For every record below, repeat the text exactly and pass over any image.
_ _ _ _ _
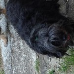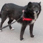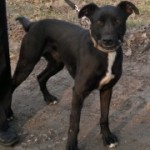 mały czarny kundelek, biała plama na szyi. Ciapek
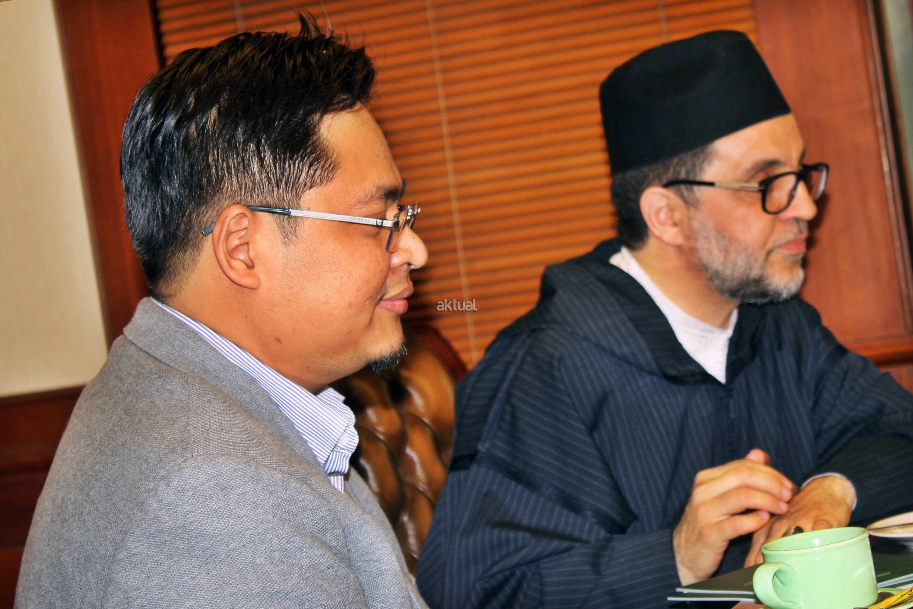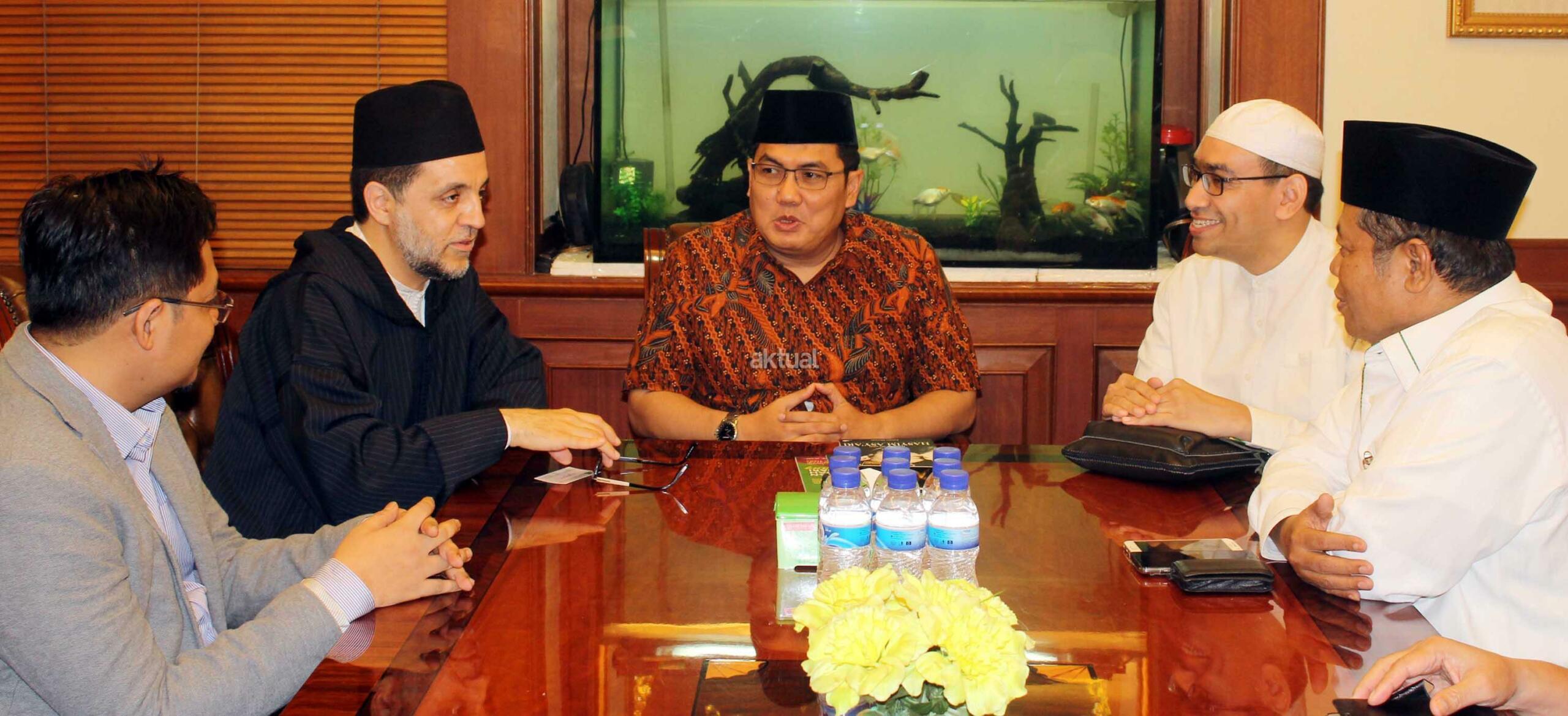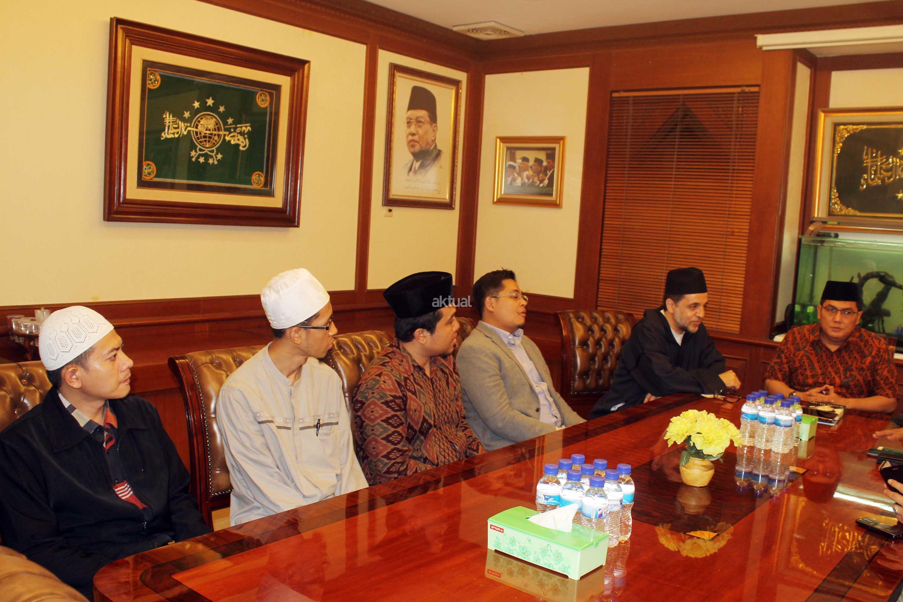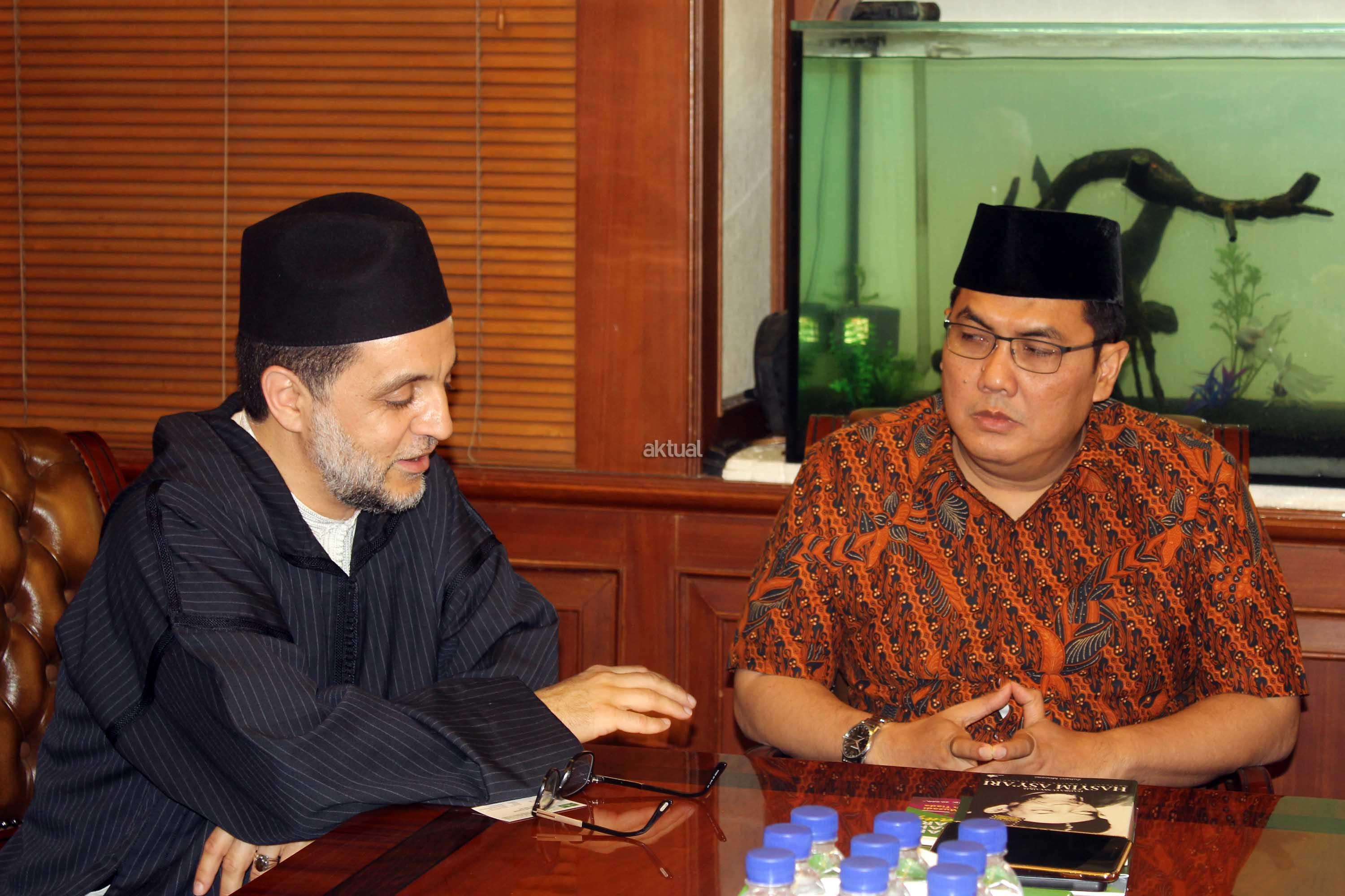 Syekh Abdul Mun,iem bin Abdul Azis bin Muhammad Shidiq Al Ghumary Al Hasani didampingi Khodim Zawiyah Arraudhah Al Akh Muhammad Danial Nafis saat bertemu Sekjen PBNU Helmi faizal Zaeni di Kantor PBNU, Jalan Kramat Raya, Jakarta, Selasa (2/5). Sebelum berkunjung ke PBNU, Syekh Abdul Mu’iem mengisi Seminar Nasional bertajuk “Peran Keluarga Ghumari dalam membentengi Sunnah Nabawiyah” di Aula Prof. Dr. Partosentono, Fakultas Ushuluddin Universitas Islam Negeri Syarif Hidayatullah, Ciputat, Banten. AKTUAL/Warnoto
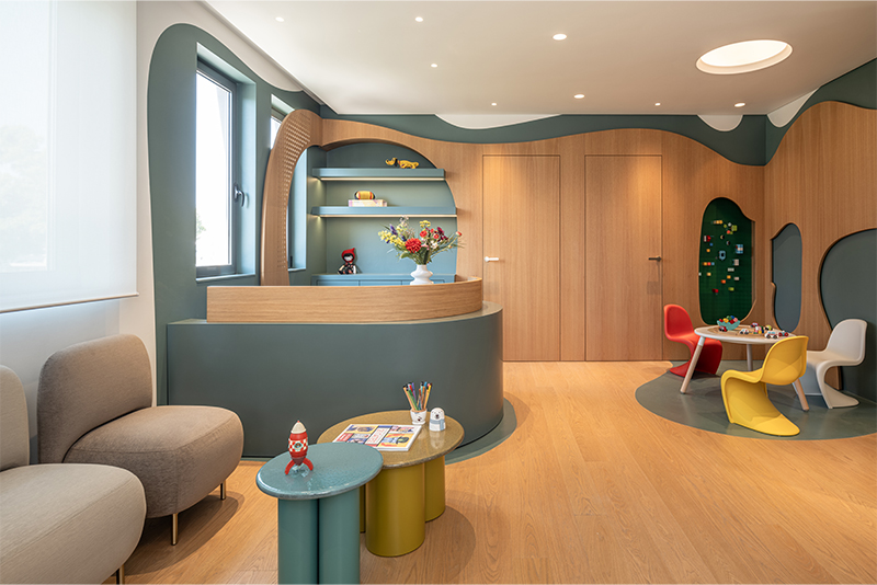 A three-storey building accommodates a unified complex of two medical practices -a gynecology and a pediatric clinic. As part of the 2024 architectural study, iy SYNAPSIS ARCHITECTS developed a shared spatial narrative connecting women, pregnancy, and childhood. Curved lines, natural materials, and earthy tones, combined with a distinctive intervention at the entrance, shape the building’s identity.
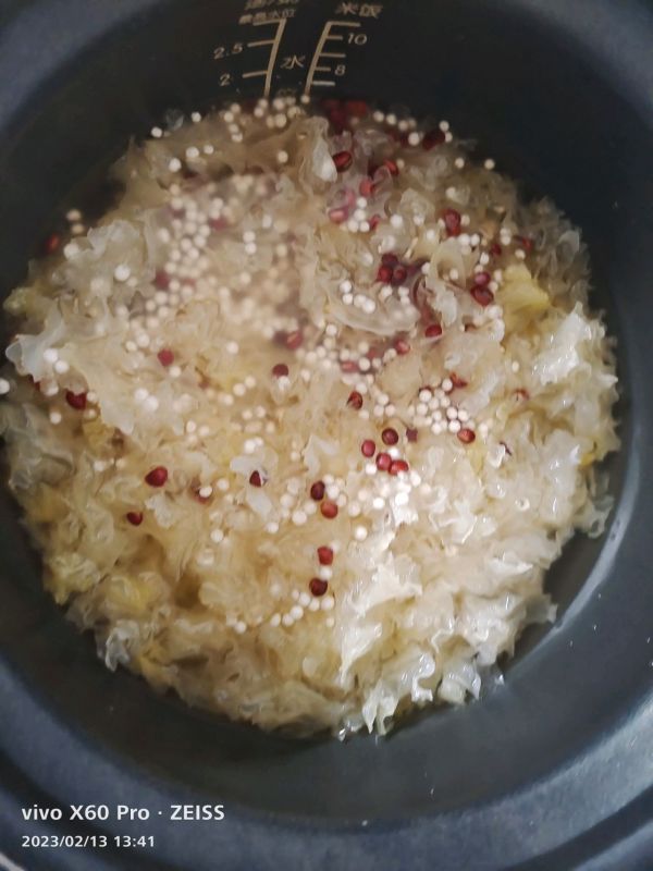 [图]4/6今天西米没有过凉水,吃起来没那么Q弹。加入黄冰糖块,喜欢甜的就多加几块。直接一起用电压力锅压,按煮饭功能,自动排气即可。
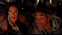they suck at both. Ridley has the pretty boy look going on, with a sort of Han Solo-lite outfit, while Snails — perhaps the DUMBEST name ever given to a character in a film — looks exactly as if the D&D wardrobe department thought that since he’s black, they should make him look like he stepped out of a
_ _ _ _ _
● **Output below**
 mały czarny kundelek, biała plama na szyi. Ciapek
 Syekh Abdul Mun,iem bin Abdul Azis bin Muhammad Shidiq Al Ghumary Al Hasani didampingi Khodim Zawiyah Arraudhah Al Akh Muhammad Danial Nafis saat bertemu Sekjen PBNU Helmi faizal Zaeni di Kantor PBNU, Jalan Kramat Raya, Jakarta, Selasa (2/5). Sebelum berkunjung ke PBNU, Syekh Abdul Mu’iem mengisi Seminar Nasional bertajuk “Peran Keluarga Ghumari dalam membentengi Sunnah Nabawiyah” di Aula Prof. Dr. Partosentono, Fakultas Ushuluddin Universitas Islam Negeri Syarif Hidayatullah, Ciputat, Banten. AKTUAL/Warnoto
 A three-storey building accommodates a unified complex of two medical practices -a gynecology and a pediatric clinic. As part of the 2024 architectural study, iy SYNAPSIS ARCHITECTS developed a shared spatial narrative connecting women, pregnancy, and childhood. Curved lines, natural materials, and earthy tones, combined with a distinctive intervention at the entrance, shape the building’s identity.
 [图]4/6今天西米没有过凉水,吃起来没那么Q弹。加入黄冰糖块,喜欢甜的就多加几块。直接一起用电压力锅压,按煮饭功能,自动排气即可。
they suck at both. Ridley has the pretty boy look going on, with a sort of Han Solo-lite outfit, while Snails — perhaps the DUMBEST name ever given to a character in a film — looks exactly as if the D&D wardrobe department thought that since he’s black, they should make him look like he stepped out of a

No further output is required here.